- _THE DATA_
•••••

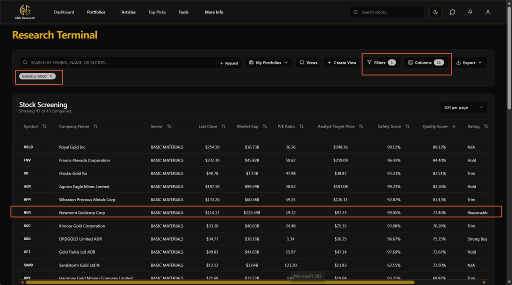 The GNG Research terminal calculates fair value at $120.65, with a “Reasonable Buy” rating. That’s 5.6% upside from current levels even before accounting for further gold appreciation.
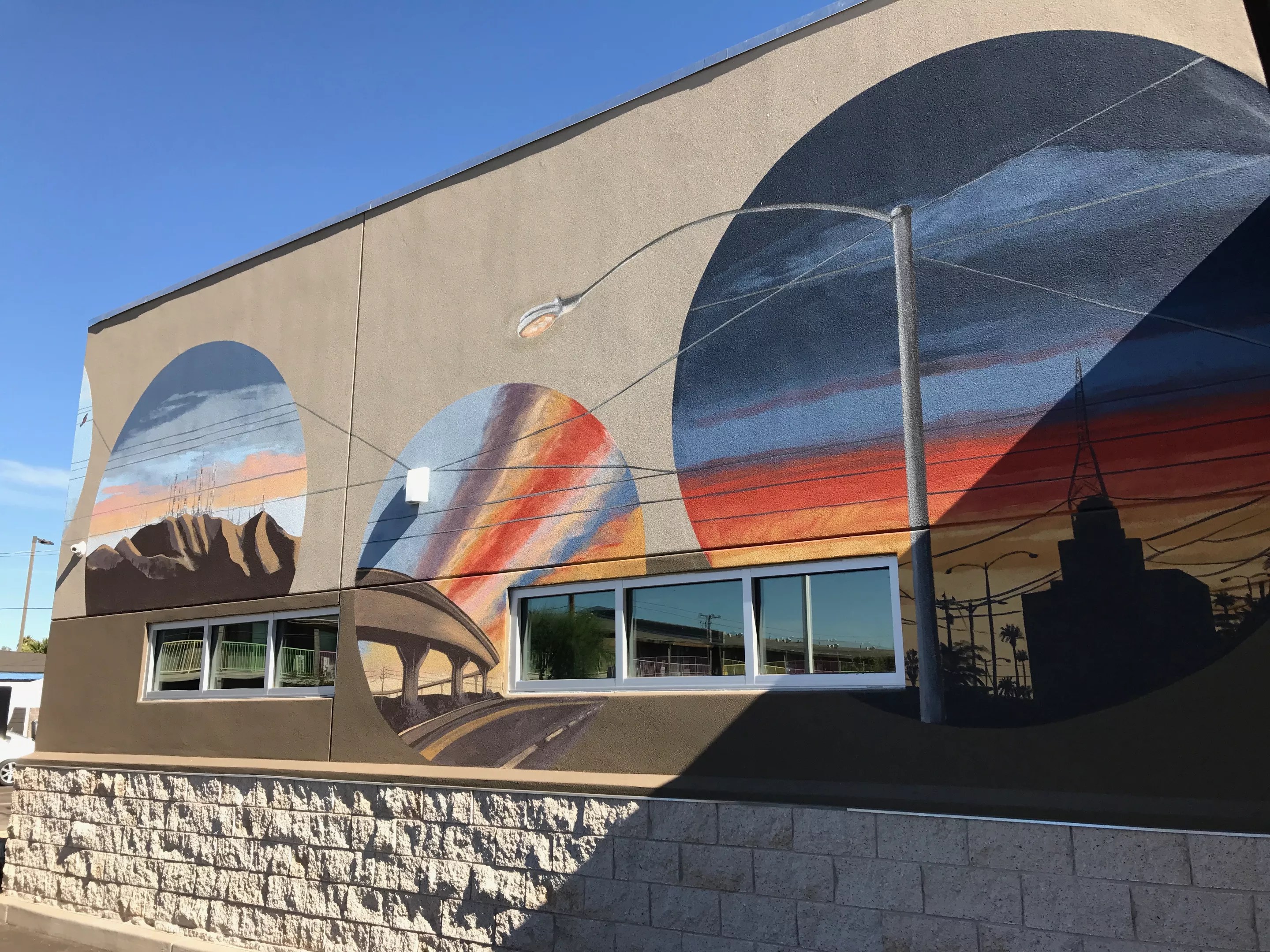 Best created this mural at the intersection of Grand Avenue and Roosevelt Street in 2017. The piece comprises eight circular or semicircular vignettes connected by images of utility lines. The vignettes capture iconic Phoenix imagery such as the Arizona State Fairgrounds, Westward Ho, and South Mountain. They range in size from eight to 12 feet in diameter. Mural painted by El Mac, Mando Rascon, and Pablo Luna in 2015. Lynn Trimble
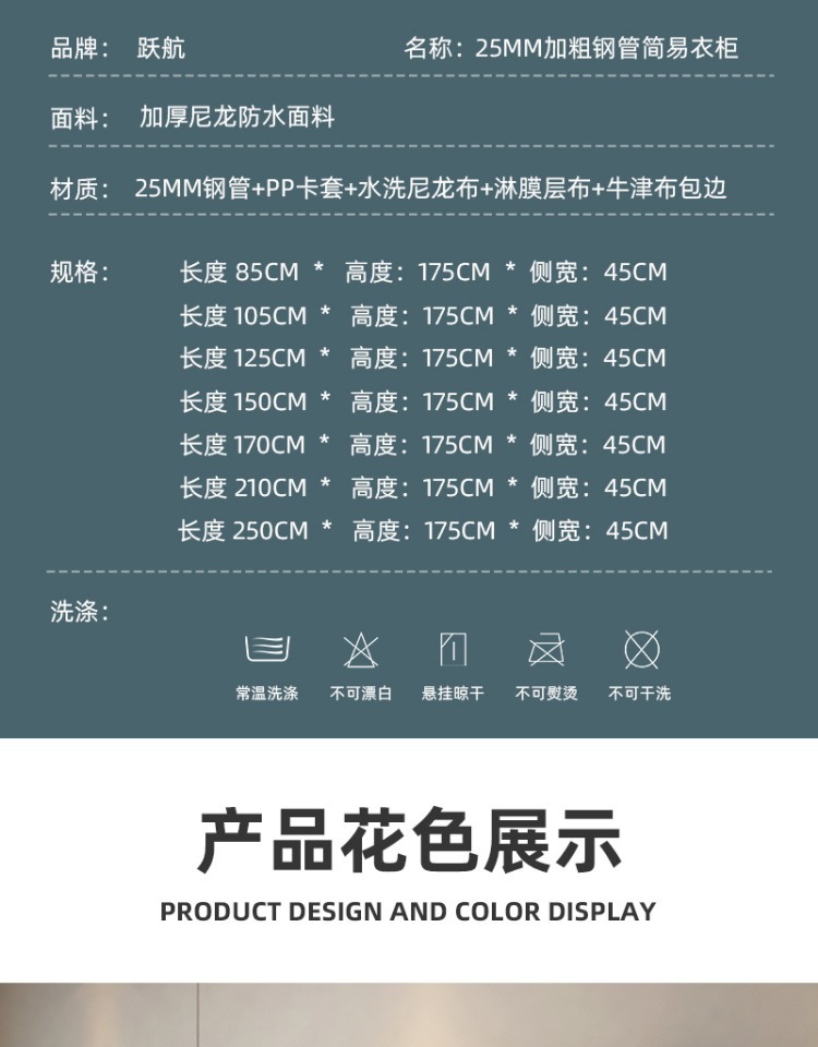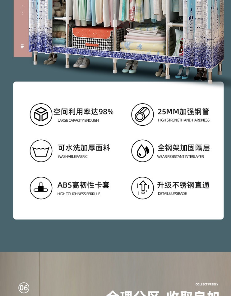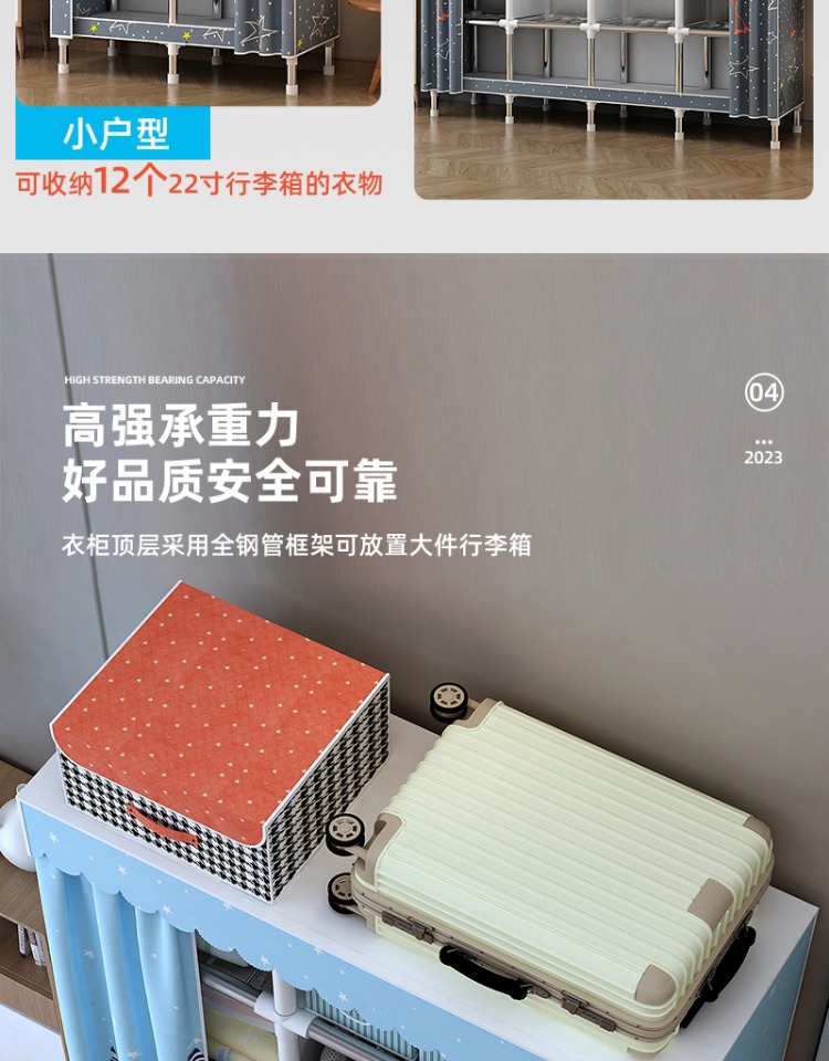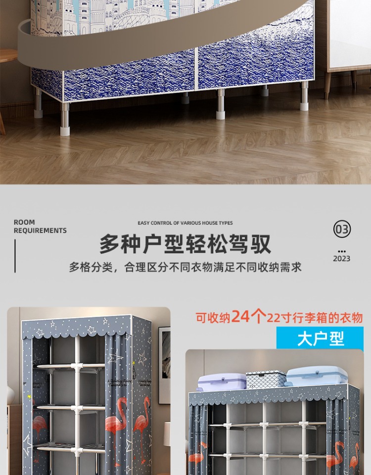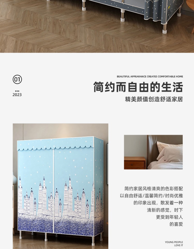 간단한 옷장 강철 파이프 굵게 강화 기숙사 보관 캐비닛 옷장 직물 옷장 대여 현대 신제품

•••••

- _GOAL OF THE EXERCISE_
Your reply must match the data above line for line, except that it holds no pictures.

- _RESULT_
 The GNG Research terminal calculates fair value at $120.65, with a “Reasonable Buy” rating. That’s 5.6% upside from current levels even before accounting for further gold appreciation.
 Best created this mural at the intersection of Grand Avenue and Roosevelt Street in 2017. The piece comprises eight circular or semicircular vignettes connected by images of utility lines. The vignettes capture iconic Phoenix imagery such as the Arizona State Fairgrounds, Westward Ho, and South Mountain. They range in size from eight to 12 feet in diameter. Mural painted by El Mac, Mando Rascon, and Pablo Luna in 2015. Lynn Trimble
 간단한 옷장 강철 파이프 굵게 강화 기숙사 보관 캐비닛 옷장 직물 옷장 대여 현대 신제품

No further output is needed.